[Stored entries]
+++

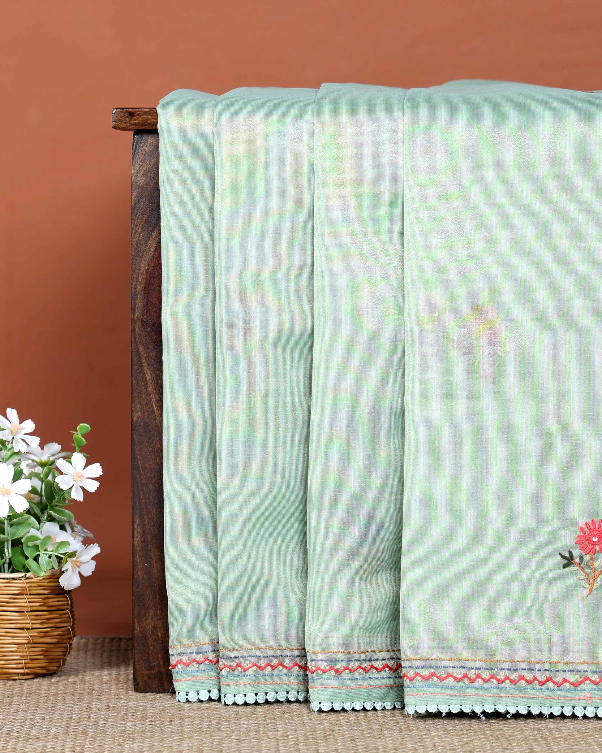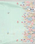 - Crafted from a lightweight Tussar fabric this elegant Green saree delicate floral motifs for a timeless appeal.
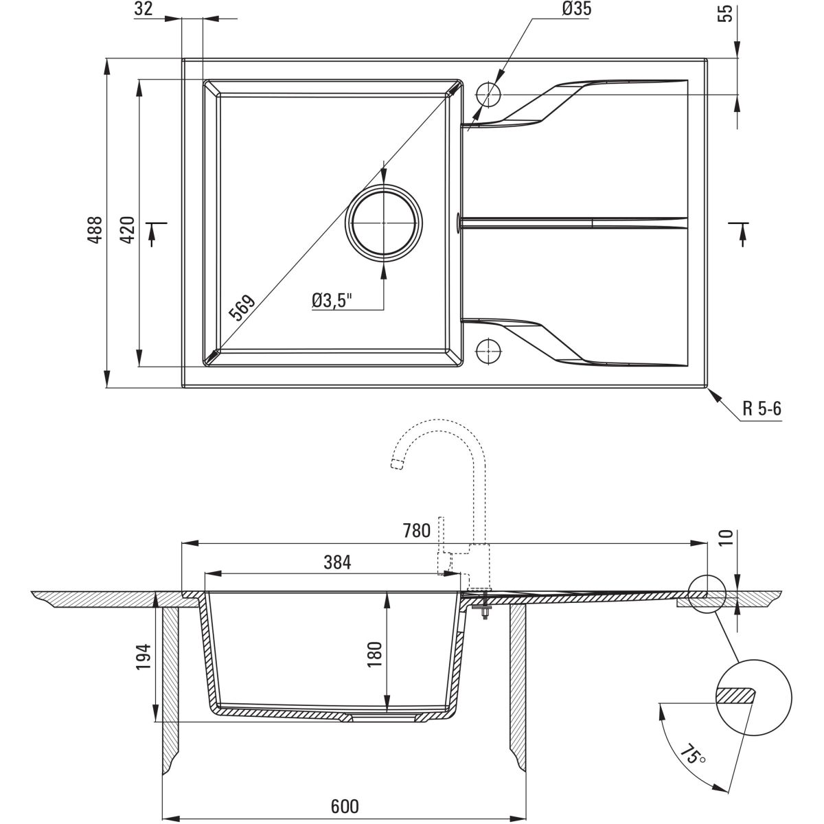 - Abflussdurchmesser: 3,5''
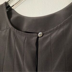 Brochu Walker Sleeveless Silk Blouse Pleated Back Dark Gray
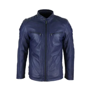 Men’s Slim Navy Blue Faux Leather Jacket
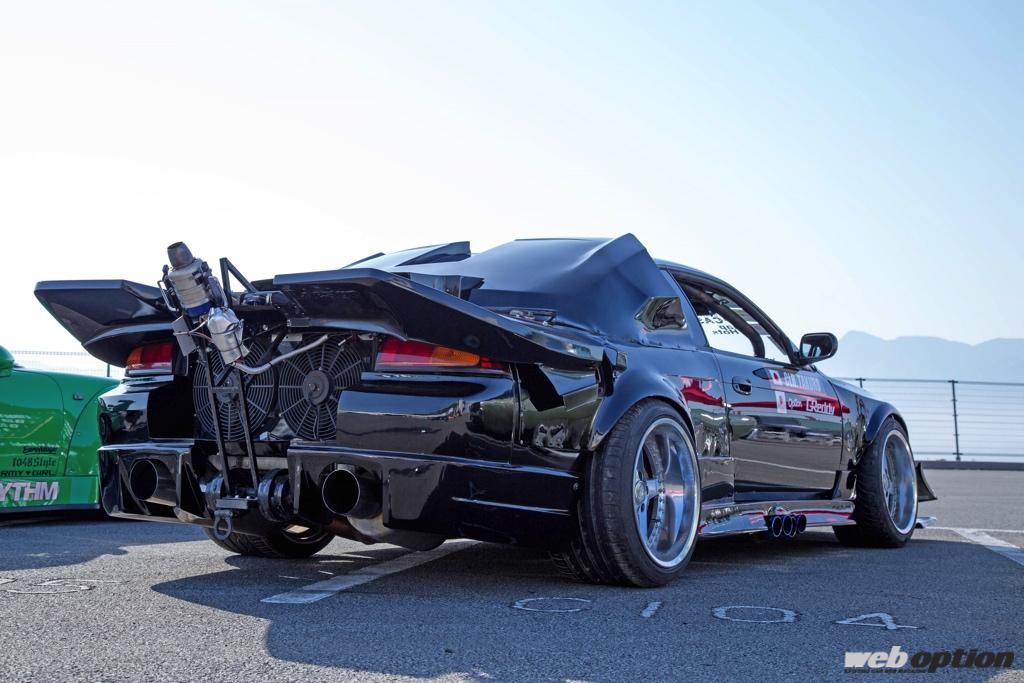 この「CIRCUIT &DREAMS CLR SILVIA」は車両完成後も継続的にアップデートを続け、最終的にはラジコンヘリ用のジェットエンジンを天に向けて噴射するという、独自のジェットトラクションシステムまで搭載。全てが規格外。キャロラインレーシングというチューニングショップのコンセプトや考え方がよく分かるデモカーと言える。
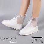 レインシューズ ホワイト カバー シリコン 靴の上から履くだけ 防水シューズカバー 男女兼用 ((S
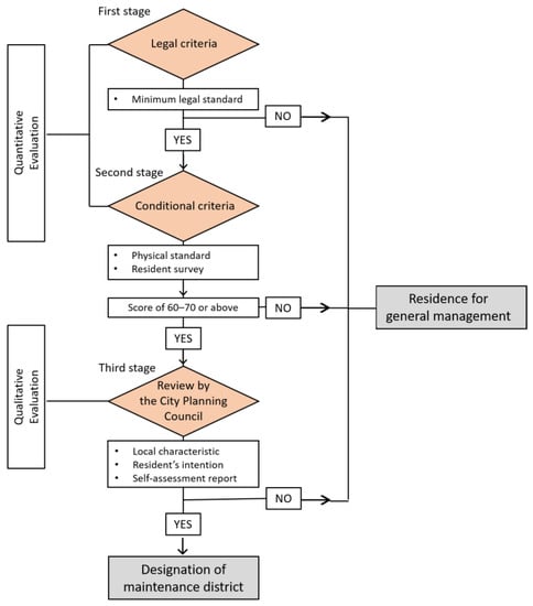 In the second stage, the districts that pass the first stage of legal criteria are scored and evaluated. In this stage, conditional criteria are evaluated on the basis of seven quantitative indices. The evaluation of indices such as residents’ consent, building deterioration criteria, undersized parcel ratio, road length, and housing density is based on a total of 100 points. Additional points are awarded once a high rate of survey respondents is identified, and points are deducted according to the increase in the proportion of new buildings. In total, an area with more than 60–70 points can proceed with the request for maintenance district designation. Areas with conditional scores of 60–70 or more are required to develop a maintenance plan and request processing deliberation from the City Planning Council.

+++

Your task is to transcribe, exactly and without additions, every line from the one that contains "この「CIRCUIT &DREAMS CLR" to the end of the entries above, both included. Omit all pictures.

• **EXERCISE RESPONSE**
 この「CIRCUIT &DREAMS CLR SILVIA」は車両完成後も継続的にアップデートを続け、最終的にはラジコンヘリ用のジェットエンジンを天に向けて噴射するという、独自のジェットトラクションシステムまで搭載。全てが規格外。キャロラインレーシングというチューニングショップのコンセプトや考え方がよく分かるデモカーと言える。
 レインシューズ ホワイト カバー シリコン 靴の上から履くだけ 防水シューズカバー 男女兼用 ((S
 In the second stage, the districts that pass the first stage of legal criteria are scored and evaluated. In this stage, conditional criteria are evaluated on the basis of seven quantitative indices. The evaluation of indices such as residents’ consent, building deterioration criteria, undersized parcel ratio, road length, and housing density is based on a total of 100 points. Additional points are awarded once a high rate of survey respondents is identified, and points are deducted according to the increase in the proportion of new buildings. In total, an area with more than 60–70 points can proceed with the request for maintenance district designation. Areas with conditional scores of 60–70 or more are required to develop a maintenance plan and request processing deliberation from the City Planning Council.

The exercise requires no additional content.